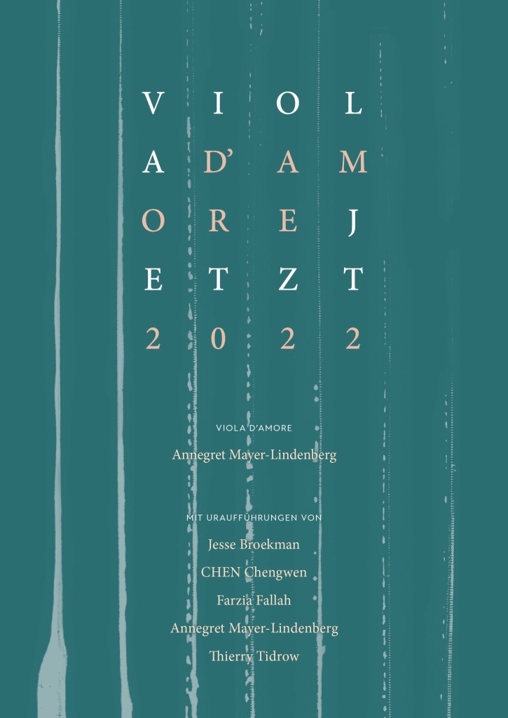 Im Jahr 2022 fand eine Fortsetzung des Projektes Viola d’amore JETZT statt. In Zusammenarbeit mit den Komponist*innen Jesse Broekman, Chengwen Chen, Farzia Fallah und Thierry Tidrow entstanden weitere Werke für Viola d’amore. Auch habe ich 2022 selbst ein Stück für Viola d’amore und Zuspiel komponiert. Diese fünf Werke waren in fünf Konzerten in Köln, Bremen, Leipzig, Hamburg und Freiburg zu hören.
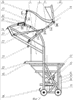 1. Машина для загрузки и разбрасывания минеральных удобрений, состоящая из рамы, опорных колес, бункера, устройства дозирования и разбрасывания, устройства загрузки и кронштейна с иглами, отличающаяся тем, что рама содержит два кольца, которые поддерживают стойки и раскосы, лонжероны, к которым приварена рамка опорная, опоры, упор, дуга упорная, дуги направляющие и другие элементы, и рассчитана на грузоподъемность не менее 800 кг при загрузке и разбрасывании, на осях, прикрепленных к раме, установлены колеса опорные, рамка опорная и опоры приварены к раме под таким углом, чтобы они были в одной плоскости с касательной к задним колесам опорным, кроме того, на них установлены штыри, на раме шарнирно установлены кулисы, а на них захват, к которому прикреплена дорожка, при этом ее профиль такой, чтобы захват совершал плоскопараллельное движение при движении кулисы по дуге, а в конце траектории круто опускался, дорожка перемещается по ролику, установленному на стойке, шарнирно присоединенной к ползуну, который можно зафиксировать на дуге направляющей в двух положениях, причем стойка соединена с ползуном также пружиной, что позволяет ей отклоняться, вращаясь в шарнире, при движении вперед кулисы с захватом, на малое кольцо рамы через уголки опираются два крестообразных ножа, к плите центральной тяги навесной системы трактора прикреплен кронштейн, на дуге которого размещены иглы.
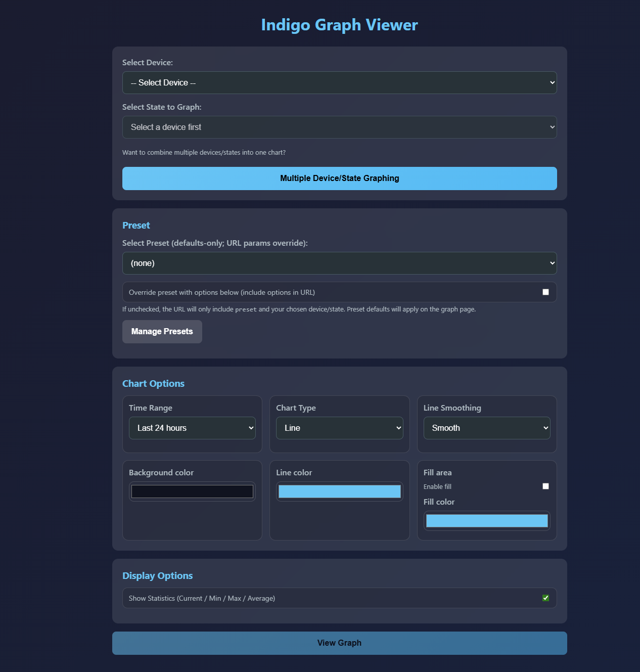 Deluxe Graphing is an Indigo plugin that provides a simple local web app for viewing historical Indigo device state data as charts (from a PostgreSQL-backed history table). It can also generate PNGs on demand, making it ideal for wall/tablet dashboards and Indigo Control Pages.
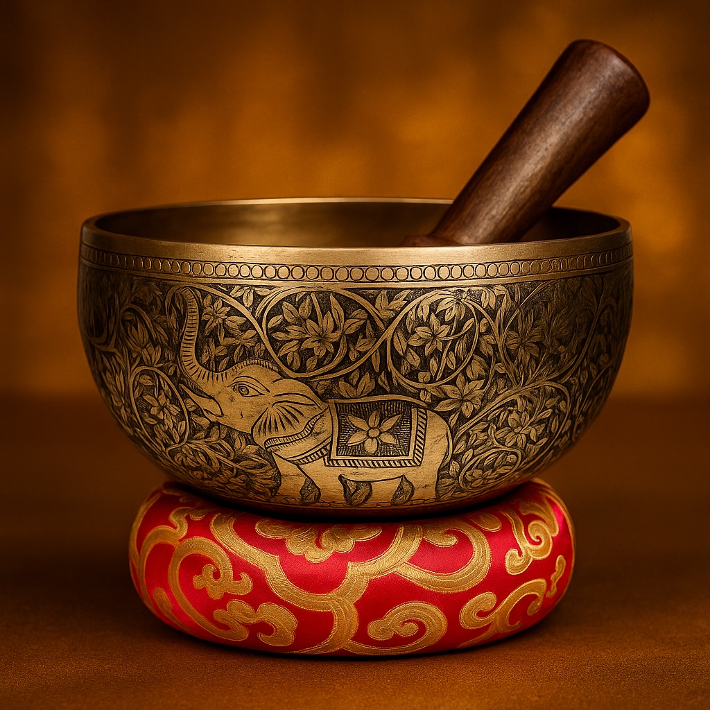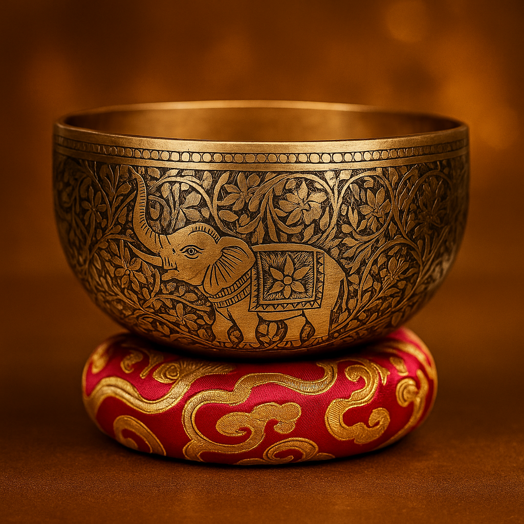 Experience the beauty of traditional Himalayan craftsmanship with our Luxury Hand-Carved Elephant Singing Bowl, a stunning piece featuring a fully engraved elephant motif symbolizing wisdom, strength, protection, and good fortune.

-- Problem requirements --
Write out the data once more exactly, omitting the pictures.

-- Task output --
 Im Jahr 2022 fand eine Fortsetzung des Projektes Viola d’amore JETZT statt. In Zusammenarbeit mit den Komponist*innen Jesse Broekman, Chengwen Chen, Farzia Fallah und Thierry Tidrow entstanden weitere Werke für Viola d’amore. Auch habe ich 2022 selbst ein Stück für Viola d’amore und Zuspiel komponiert. Diese fünf Werke waren in fünf Konzerten in Köln, Bremen, Leipzig, Hamburg und Freiburg zu hören.
 1. Машина для загрузки и разбрасывания минеральных удобрений, состоящая из рамы, опорных колес, бункера, устройства дозирования и разбрасывания, устройства загрузки и кронштейна с иглами, отличающаяся тем, что рама содержит два кольца, которые поддерживают стойки и раскосы, лонжероны, к которым приварена рамка опорная, опоры, упор, дуга упорная, дуги направляющие и другие элементы, и рассчитана на грузоподъемность не менее 800 кг при загрузке и разбрасывании, на осях, прикрепленных к раме, установлены колеса опорные, рамка опорная и опоры приварены к раме под таким углом, чтобы они были в одной плоскости с касательной к задним колесам опорным, кроме того, на них установлены штыри, на раме шарнирно установлены кулисы, а на них захват, к которому прикреплена дорожка, при этом ее профиль такой, чтобы захват совершал плоскопараллельное движение при движении кулисы по дуге, а в конце траектории круто опускался, дорожка перемещается по ролику, установленному на стойке, шарнирно присоединенной к ползуну, который можно зафиксировать на дуге направляющей в двух положениях, причем стойка соединена с ползуном также пружиной, что позволяет ей отклоняться, вращаясь в шарнире, при движении вперед кулисы с захватом, на малое кольцо рамы через уголки опираются два крестообразных ножа, к плите центральной тяги навесной системы трактора прикреплен кронштейн, на дуге которого размещены иглы.
 Deluxe Graphing is an Indigo plugin that provides a simple local web app for viewing historical Indigo device state data as charts (from a PostgreSQL-backed history table). It can also generate PNGs on demand, making it ideal for wall/tablet dashboards and Indigo Control Pages.
 Experience the beauty of traditional Himalayan craftsmanship with our Luxury Hand-Carved Elephant Singing Bowl, a stunning piece featuring a fully engraved elephant motif symbolizing wisdom, strength, protection, and good fortune.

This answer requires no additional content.